Figure 4 Total abundance (ind.m-2) and dry weight (g) registered for each collected ascidian throughout the duration of the experiment, from each sampling location. D, day.
Table 2 Percentage of the total abundance and total biomass registered for each collected ascidian from each location throughout the duration of the experiment.
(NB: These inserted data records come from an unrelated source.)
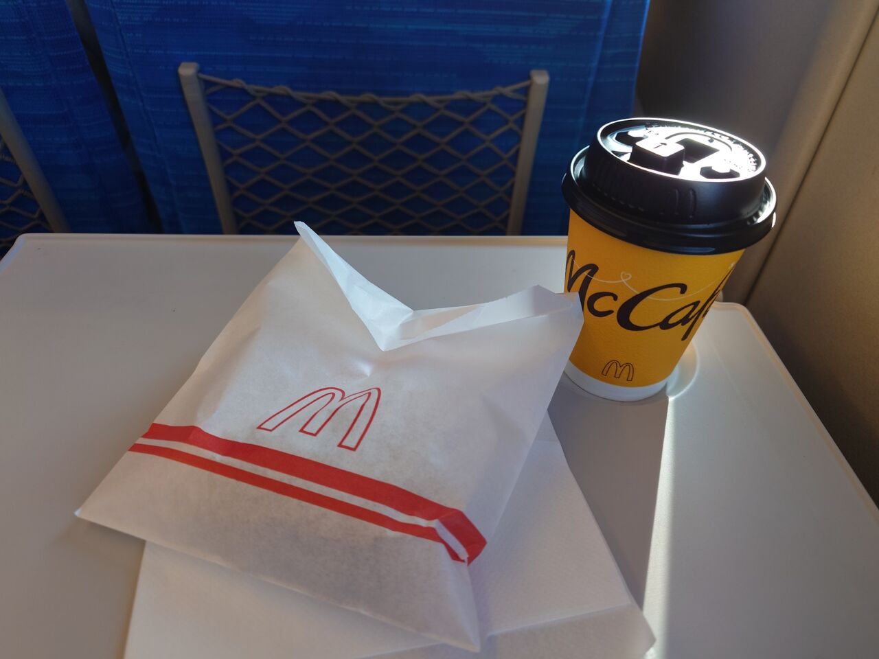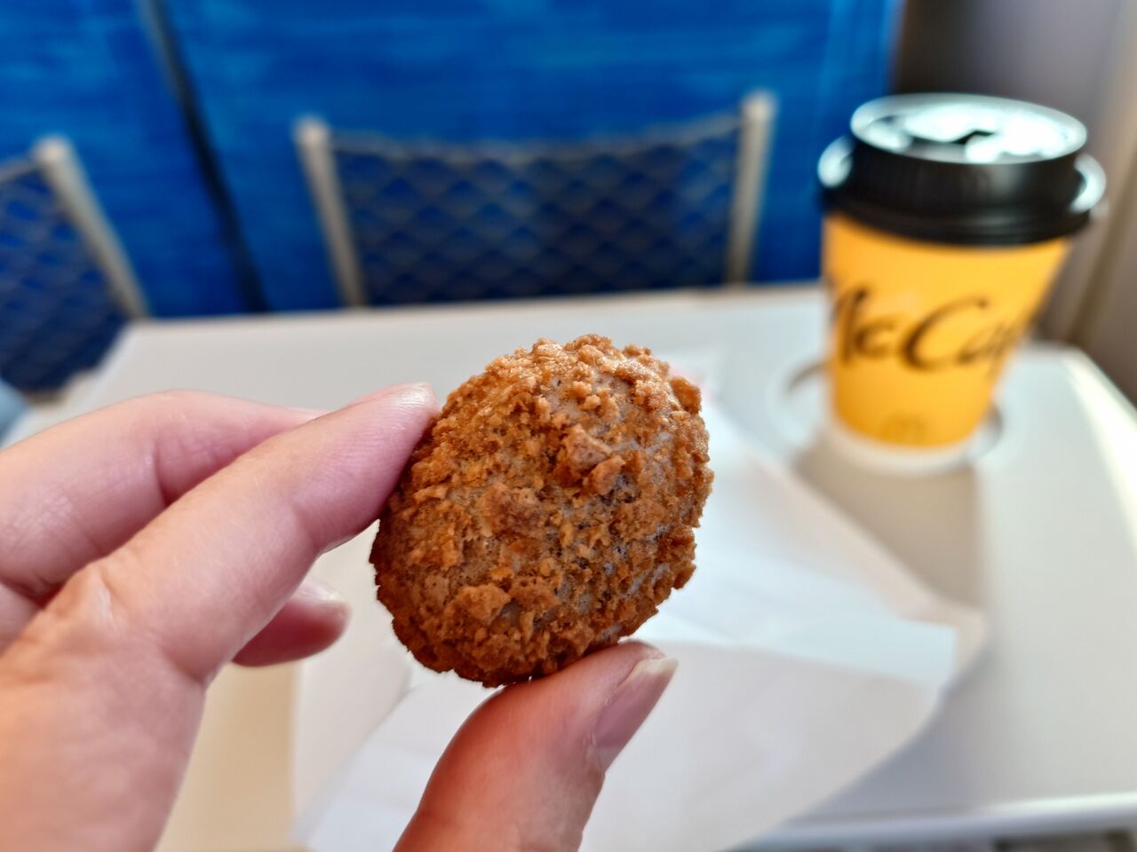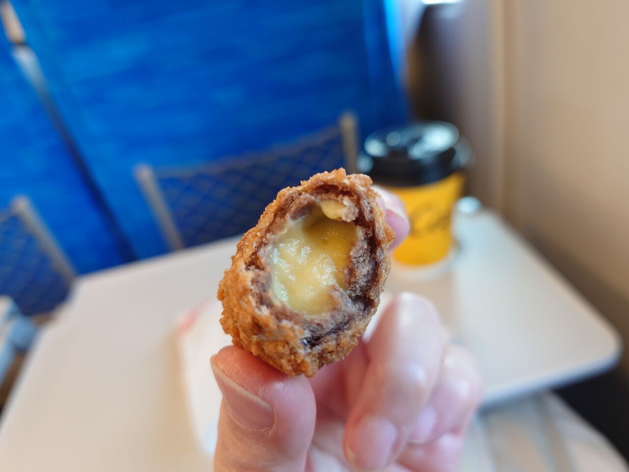 今日の新幹線カフェは、テレビのCMで流れて気になっていたマクドナルドのクレームブリュレホットドーナツです。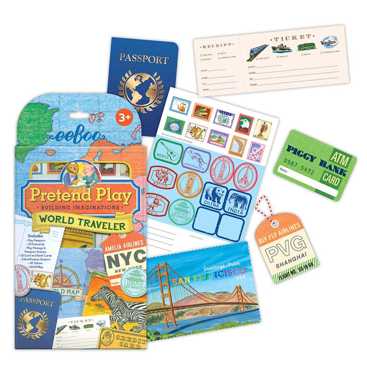 The World Traveller set includes tickets, postcards, travel documents and a play passport. Whether you want to roam the urban jungle of San Francisco, go on a wild safari in Kenya, or explore the ancient forests of Xanadu, the World Traveller Pretend Play Set will give you the tools you need to get there.
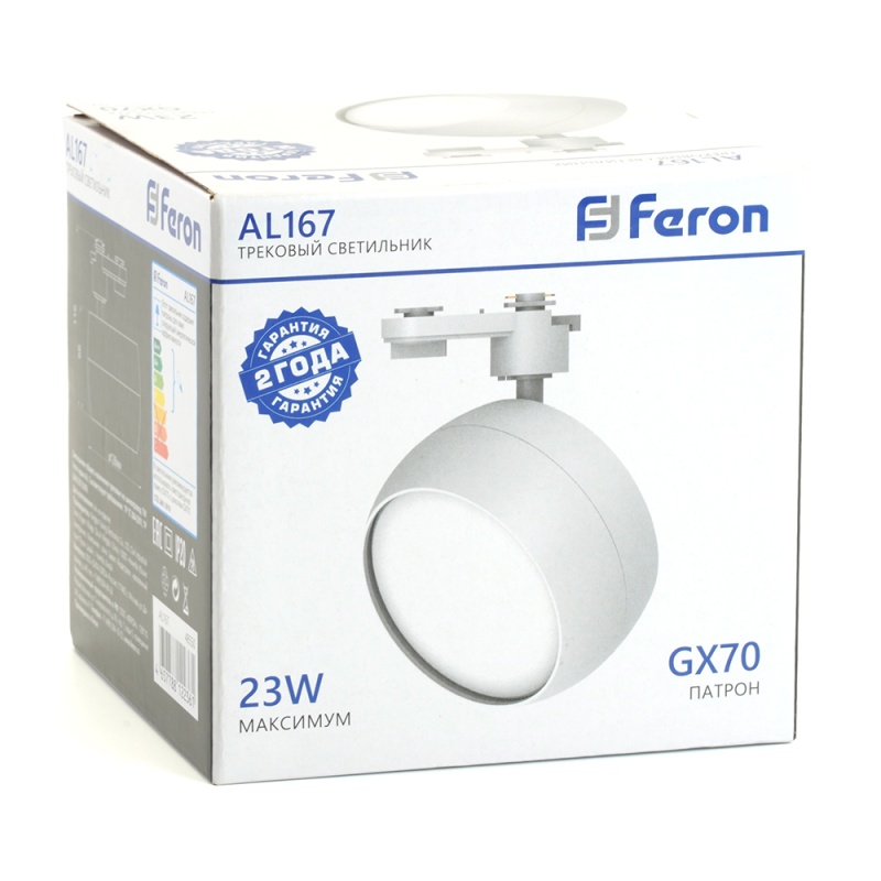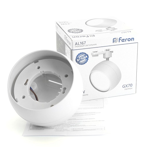 Характеристики Светильник Feron AL167 трековый однофазный на шинопровод под лампу GX70, белый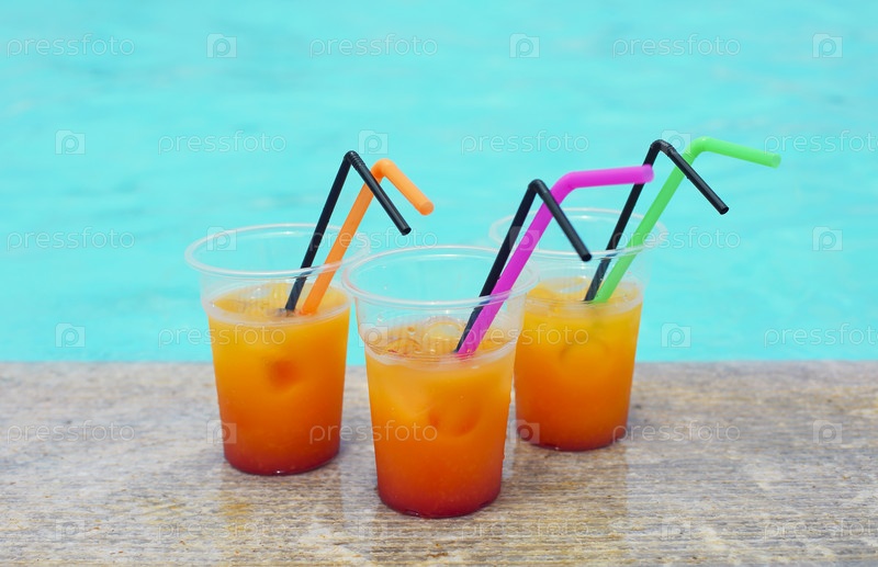 Бокалы тропического коктейля у бассейна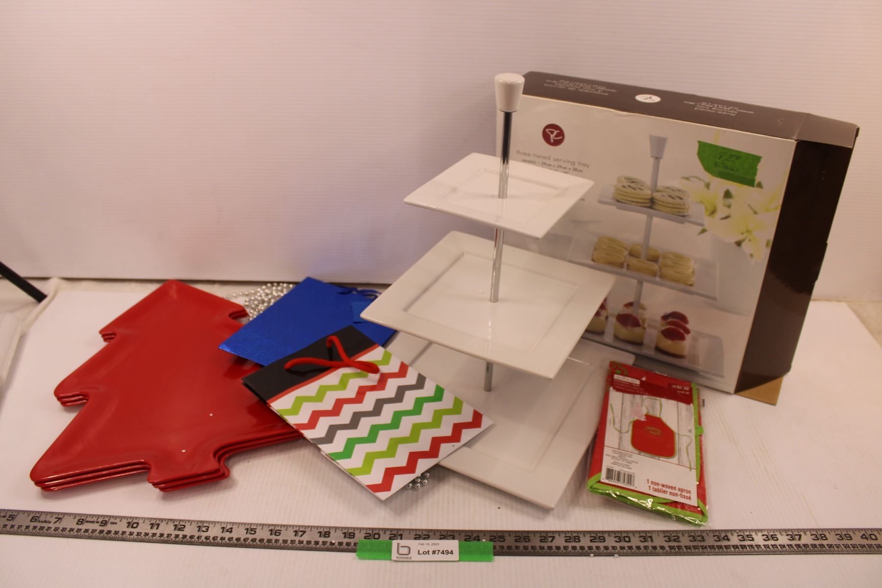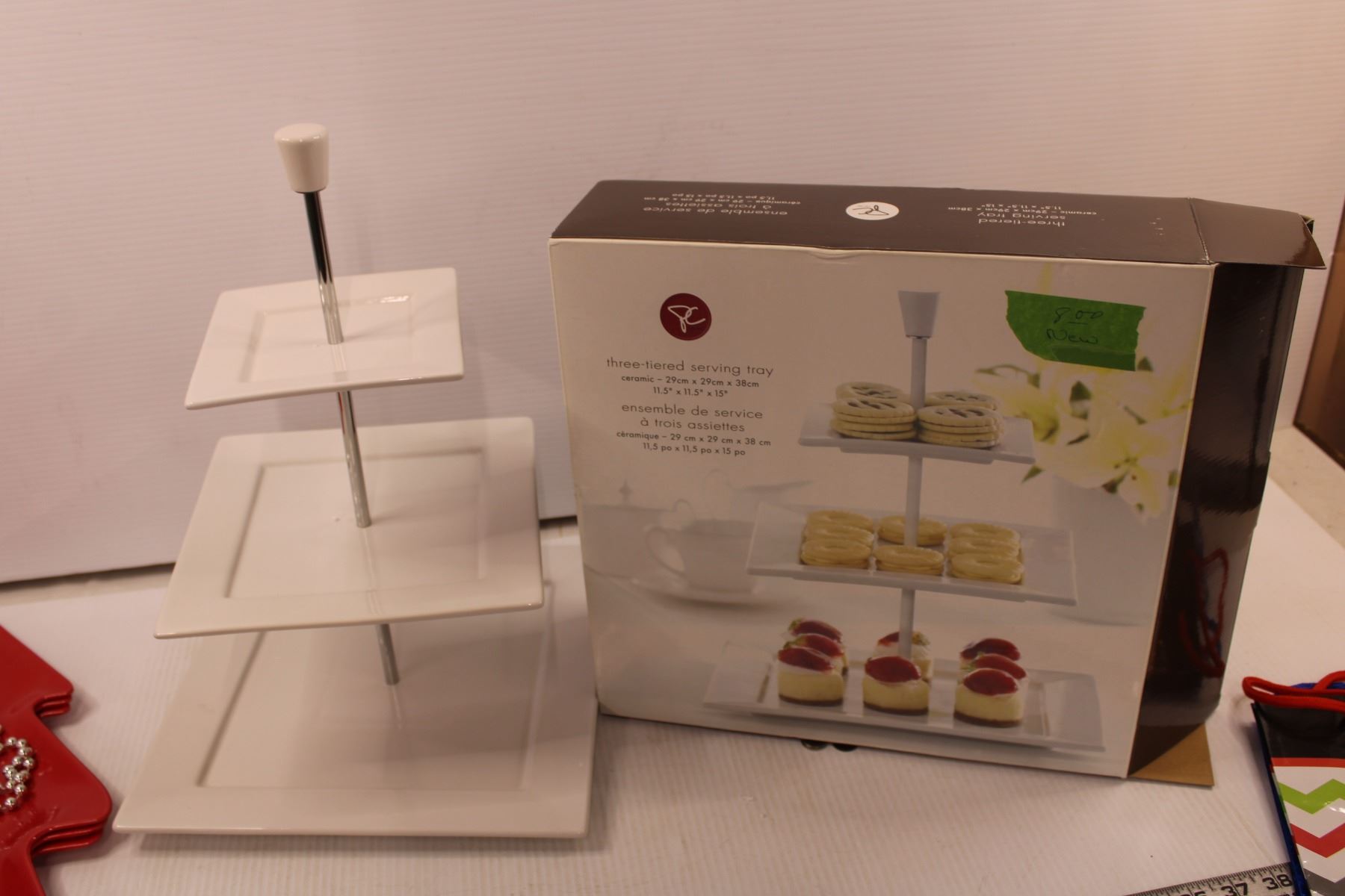 (3) Christmas Tree Serving Platters + Three-tiered Serving Tray and Miscellenious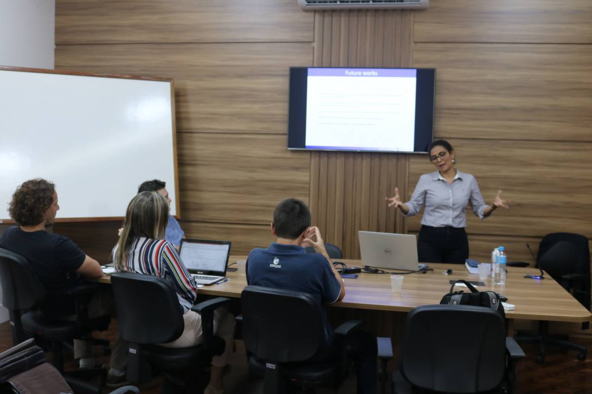A egressa participou de atividades com estudantes e professores do curso de Mestrado do PPGSAS e do curso de Agronomia, incluindo a coordenadora Angélica de Oliveira Henriques, além da representante do Centro Acadêmico da Agronomia, Laura Arnold.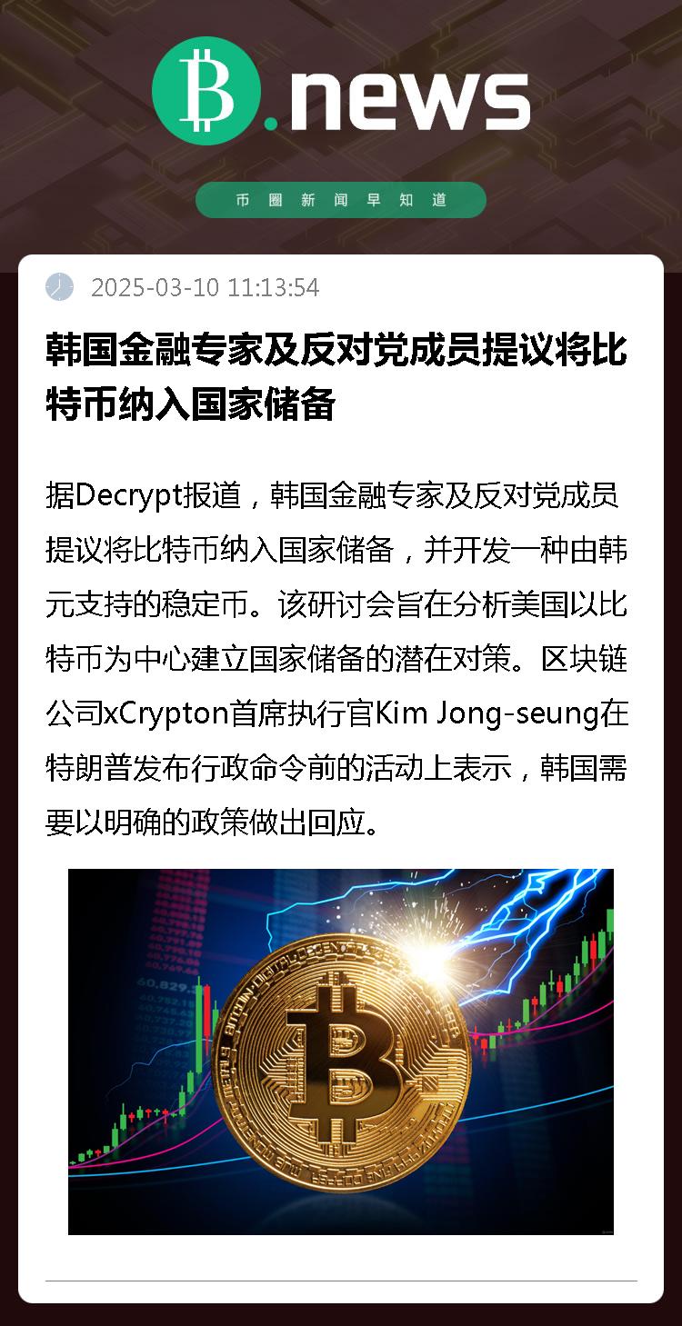 据Decrypt报道,韩国金融专家及反对党成员提议将比特币纳入国家储备,并开发一种由韩元支持的稳定币。

A particular trend towards an increase in total abundance over time, followed by a subsequent decrease was observed, with maximum values being recorded during sampling days 155 to 226 (from July to October) (Figure 4). However, this trend is not so evident concerning biomass values. In Mira Channel locations (FH, M, and OF), the species that presented the highest abundance also presented higher biomass values (Table 2). Interestingly, in all studied locations, the same combination of two species consistently dominated total abundance and total biomass, except for TG location: C. lepadiformis and Molgula sp. 2 represented 76.7% of the total abundance while Microcosmus sp. and Molgula sp. 1 represented 85% of the total biomass. In the remaining locations: at FH Molgula sp. 1 and Molgula sp. 2 represented 81.7% of the total abundance and 83.4% of the total biomass; at M and OF locations, Microcosmus sp. and Molgula sp. 1 dominated 94.6% and 90.8%, respectively of the total abundance and 97.2% and 90.2%, respectively of the total biomass; at IMTA site, C. intestinalis and Molgula sp. 1 represented 84% of the total abundance and 92.9% of the total biomass. Ascidian Botryllus schlosseri was only collected at IMTA, registering a maximum area of 0.014 m2 at sampling day 127. Similar values of the coverage area of Botrylloides violaceus were recorded at locations FH and OF, however, these were recorded at different sampling periods (0.0032 m2 at sampling day 295 (December) and 0.0033 m2 at sampling day 226 (October), respectively). Overall, significant differences were detected inthe total abundance of the ascidian community between each sampling site and sampling period (Table 3). Furthermore, pairwise test analysis (Table SI3) revealed that abundance values of C. intestinalis were significantly different between IMTA and the remaining locations, (IMTA/TG p=0.001; IMTA/FH p=0.001; IMTA/M p=0.001; IMTA/OF p=0.001), as was C. lepadiformis between the ocean boundary TG and other locations (TG/FH p=0.04; TG/M p=0.012; TG/OF p=0.015; TG/IMTA p=0.013). Likewise, the two species within the genus Molgula presented abundance values with significant differences amongst all locations.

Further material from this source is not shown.